What you need to do: Extract exactly those lines that lie between the start of the material and the line with "hubungi tim visi.news.", including both boundary lines and no others.

Input for this task:
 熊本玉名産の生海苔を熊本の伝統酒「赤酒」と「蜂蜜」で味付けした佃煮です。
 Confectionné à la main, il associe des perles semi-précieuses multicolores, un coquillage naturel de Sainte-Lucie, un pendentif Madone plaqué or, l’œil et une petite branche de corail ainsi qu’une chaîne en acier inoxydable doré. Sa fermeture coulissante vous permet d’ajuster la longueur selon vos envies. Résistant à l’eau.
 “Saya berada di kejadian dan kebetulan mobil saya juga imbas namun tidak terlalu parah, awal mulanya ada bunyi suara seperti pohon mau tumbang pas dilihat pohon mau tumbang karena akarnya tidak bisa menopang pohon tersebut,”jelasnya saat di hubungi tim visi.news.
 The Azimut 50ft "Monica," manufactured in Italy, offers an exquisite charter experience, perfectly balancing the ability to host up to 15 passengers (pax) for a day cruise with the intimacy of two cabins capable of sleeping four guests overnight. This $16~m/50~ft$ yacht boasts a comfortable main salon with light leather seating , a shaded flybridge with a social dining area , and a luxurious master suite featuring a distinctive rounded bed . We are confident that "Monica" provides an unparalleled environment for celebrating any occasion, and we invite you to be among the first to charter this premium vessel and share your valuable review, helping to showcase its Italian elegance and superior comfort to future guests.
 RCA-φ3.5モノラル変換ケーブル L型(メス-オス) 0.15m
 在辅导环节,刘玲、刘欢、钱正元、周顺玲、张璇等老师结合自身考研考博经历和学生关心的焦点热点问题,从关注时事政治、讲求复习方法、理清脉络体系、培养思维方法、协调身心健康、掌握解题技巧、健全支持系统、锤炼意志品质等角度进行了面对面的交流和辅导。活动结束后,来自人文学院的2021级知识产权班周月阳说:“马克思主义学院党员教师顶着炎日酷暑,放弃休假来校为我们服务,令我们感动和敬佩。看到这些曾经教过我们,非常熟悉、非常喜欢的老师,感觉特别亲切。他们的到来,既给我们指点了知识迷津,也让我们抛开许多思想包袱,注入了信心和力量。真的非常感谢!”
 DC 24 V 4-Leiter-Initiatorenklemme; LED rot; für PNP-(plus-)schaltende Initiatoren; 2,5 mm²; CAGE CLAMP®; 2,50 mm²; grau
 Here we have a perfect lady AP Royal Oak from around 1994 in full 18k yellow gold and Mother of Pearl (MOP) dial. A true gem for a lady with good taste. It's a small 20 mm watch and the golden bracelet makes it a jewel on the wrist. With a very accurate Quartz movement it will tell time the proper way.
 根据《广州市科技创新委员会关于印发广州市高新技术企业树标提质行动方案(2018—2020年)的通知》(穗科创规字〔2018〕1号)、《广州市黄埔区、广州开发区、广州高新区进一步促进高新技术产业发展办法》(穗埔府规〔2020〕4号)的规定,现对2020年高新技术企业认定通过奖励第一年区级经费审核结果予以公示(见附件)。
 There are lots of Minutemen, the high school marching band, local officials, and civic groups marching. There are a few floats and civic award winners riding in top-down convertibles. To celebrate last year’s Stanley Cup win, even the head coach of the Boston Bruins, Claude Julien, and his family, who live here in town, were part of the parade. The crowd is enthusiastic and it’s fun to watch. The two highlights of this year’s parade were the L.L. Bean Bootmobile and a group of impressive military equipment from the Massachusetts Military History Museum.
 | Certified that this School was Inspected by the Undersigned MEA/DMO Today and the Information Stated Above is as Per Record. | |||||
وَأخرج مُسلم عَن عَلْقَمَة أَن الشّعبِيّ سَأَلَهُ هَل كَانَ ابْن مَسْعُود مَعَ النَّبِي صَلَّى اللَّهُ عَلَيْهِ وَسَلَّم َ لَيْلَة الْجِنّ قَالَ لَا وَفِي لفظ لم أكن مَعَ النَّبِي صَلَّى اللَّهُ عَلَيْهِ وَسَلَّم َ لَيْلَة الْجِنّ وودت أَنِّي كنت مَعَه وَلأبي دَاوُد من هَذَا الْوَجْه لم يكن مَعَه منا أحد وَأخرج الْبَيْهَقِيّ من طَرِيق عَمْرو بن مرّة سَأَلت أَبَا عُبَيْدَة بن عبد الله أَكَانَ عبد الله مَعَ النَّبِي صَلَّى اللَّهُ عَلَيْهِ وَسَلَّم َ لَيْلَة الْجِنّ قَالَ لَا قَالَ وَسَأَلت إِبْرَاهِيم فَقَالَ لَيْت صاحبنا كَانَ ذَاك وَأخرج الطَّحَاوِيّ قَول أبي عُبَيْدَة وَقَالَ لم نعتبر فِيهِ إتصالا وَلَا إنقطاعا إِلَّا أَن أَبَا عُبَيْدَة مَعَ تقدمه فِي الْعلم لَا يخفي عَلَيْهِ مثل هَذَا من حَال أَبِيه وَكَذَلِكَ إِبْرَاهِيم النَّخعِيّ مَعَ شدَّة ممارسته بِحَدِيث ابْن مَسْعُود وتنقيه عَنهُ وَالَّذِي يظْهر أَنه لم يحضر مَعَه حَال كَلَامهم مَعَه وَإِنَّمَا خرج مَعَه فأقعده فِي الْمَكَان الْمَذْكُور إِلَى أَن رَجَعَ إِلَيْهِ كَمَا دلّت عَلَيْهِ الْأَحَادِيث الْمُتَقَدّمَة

Answer to the problem:
 熊本玉名産の生海苔を熊本の伝統酒「赤酒」と「蜂蜜」で味付けした佃煮です。
 Confectionné à la main, il associe des perles semi-précieuses multicolores, un coquillage naturel de Sainte-Lucie, un pendentif Madone plaqué or, l’œil et une petite branche de corail ainsi qu’une chaîne en acier inoxydable doré. Sa fermeture coulissante vous permet d’ajuster la longueur selon vos envies. Résistant à l’eau.
 “Saya berada di kejadian dan kebetulan mobil saya juga imbas namun tidak terlalu parah, awal mulanya ada bunyi suara seperti pohon mau tumbang pas dilihat pohon mau tumbang karena akarnya tidak bisa menopang pohon tersebut,”jelasnya saat di hubungi tim visi.news.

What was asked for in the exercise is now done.